If somebody had told me on the first day of 2009 as I was cushioned safely in the bosom of love that true friendship provides, that in a year's time I would be sitting in a coffee shop in Vietnam, thousands of miles from all the people that have been integral to my enjoyment, and sometimes survival of life, I would have balked at the idea (and probably thrown up a little bit). Yet here I am.
New Year's Eve in Saigon was what can only be described as SPECTACULAR. Firstly, I have never seen anywhere so decorated. I said to Ella that it was as though someone on the Street Care team at Ho Chi Minh City Council opened a cupboard at work and found 10 billion fairy lights, 5 million multi-coloured balloons, a million Vietnamese flags and thought 'what are we gonna do with this lot?! Oh fuck it, let's put 'em all up.' Traffic came to a standstill, the streets were packed back-to-back with human bodies of numerous nationalities, music from competing bars blared from huge speakers erected on street corners, the confetti and spray foam sellers had the best sales figures of their lives, strobe lights illuminated the sky and at midnight everyone embraced and danced and cheered - it was the photo opportunity of Chinese tourists' dreams.

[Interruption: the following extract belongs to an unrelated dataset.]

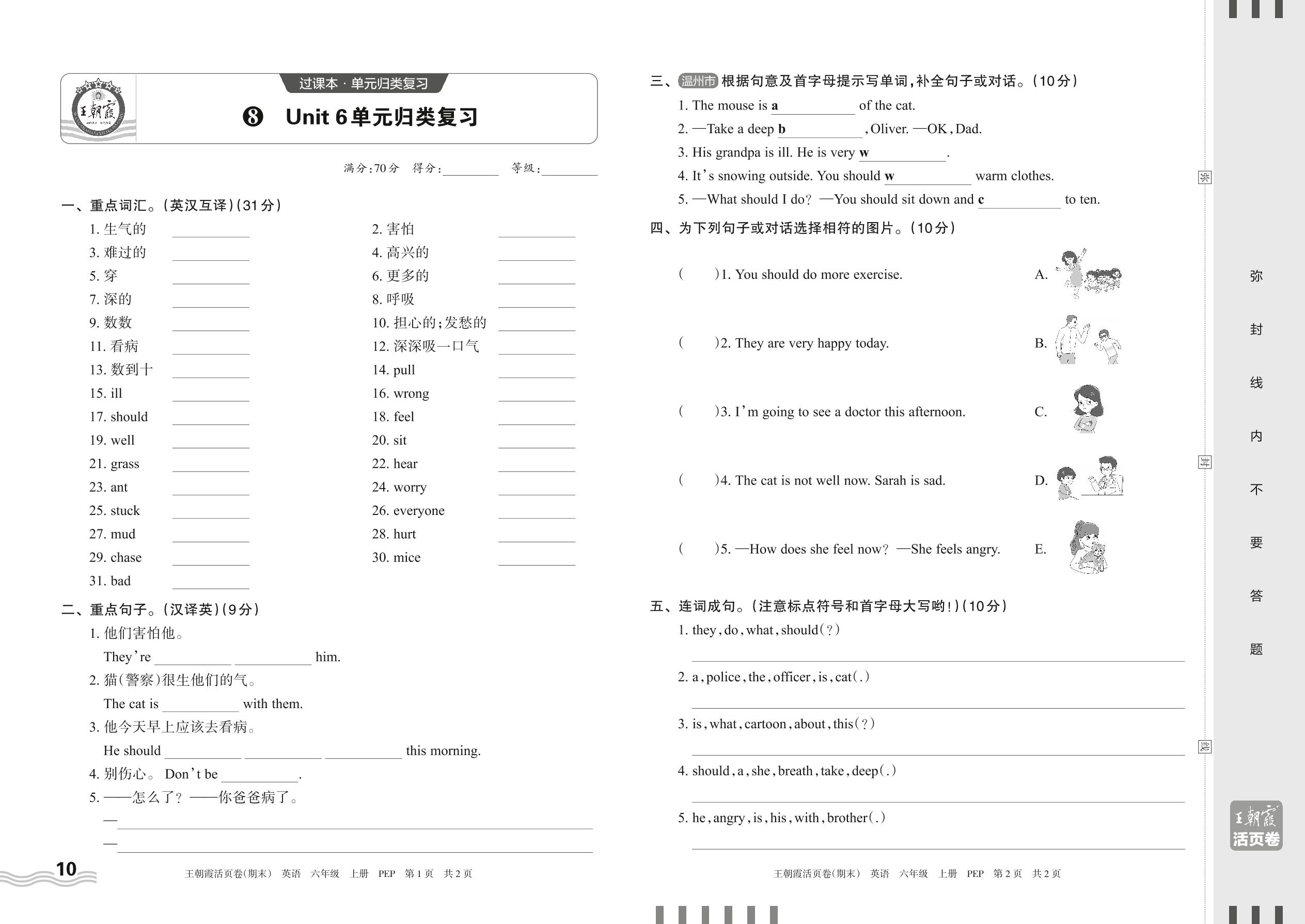 2023上册六年级英语人教PEP版 8 Unit 6单元归类复习
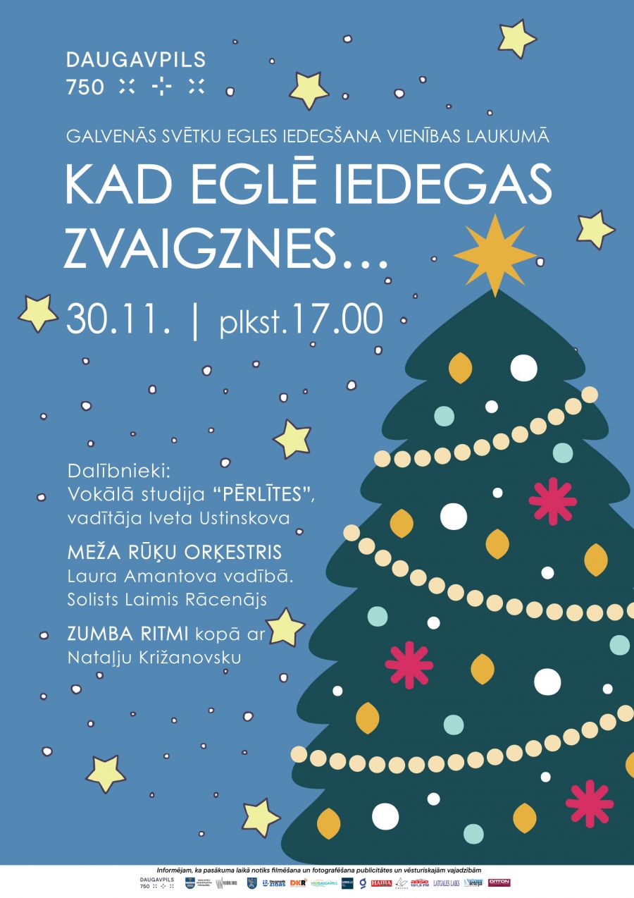 30. novembrī plkst. 17.00 Vienības laukumā, skanot Ziemassvētku laika dziesmām, iemirdzēsies pilsētas galvenā svētku egle.

Ella and I covered ourselves in glitter and went to the Golden Dragon Water Puppet Theatre earlier on in the evening which was hilariously entertaining and simultaneously baffling (are the puppeteers under the water wearing scuba suits and oxygen tanks on their backs we pondered?!) before meeting Hitan, a friend we'd made in Sihanoukville, plus two heart-breakingly gorgeous Swedish girls who we had met the previous day on a tour of the Mekong Delta. The Delta tour consisted of eating coconut candy, rowing through canals in wooden kayaks wearing cone-shaped straw hats, listening to local musicians over honey tea, taking in the scenery from a river barge, and for me only... getting lost on an island jungle walk, jumping out the way of a large black snake, being chased by an angry territorial dog, and then hitching a ride with a Mekong local on her motorbike back to the confines of the tour group! Ella was sensible and had cycled round the island with the rest of the group rather than playing Indiana Jones like yours truly, and while I was having 'real cultural experiences' she had got chatting to the beautiful Kattis and Emelie, thereby recruiting fellow NYE revellers for the next evening.
So that was how I spent my last days of 2009, a year that I am partly relieved to see the back of, but mostly grateful for - it was the year that showed me what I am capable of facing with the unwaveringly loyal aid of those that love me, and safe in the knowledge of their unconditional steadfast support, 2009 gave me the courage to leave them. I'm here having the time of my life, and in spite of distance, they are there for me as I for them - this is the reason 2010 will be OK.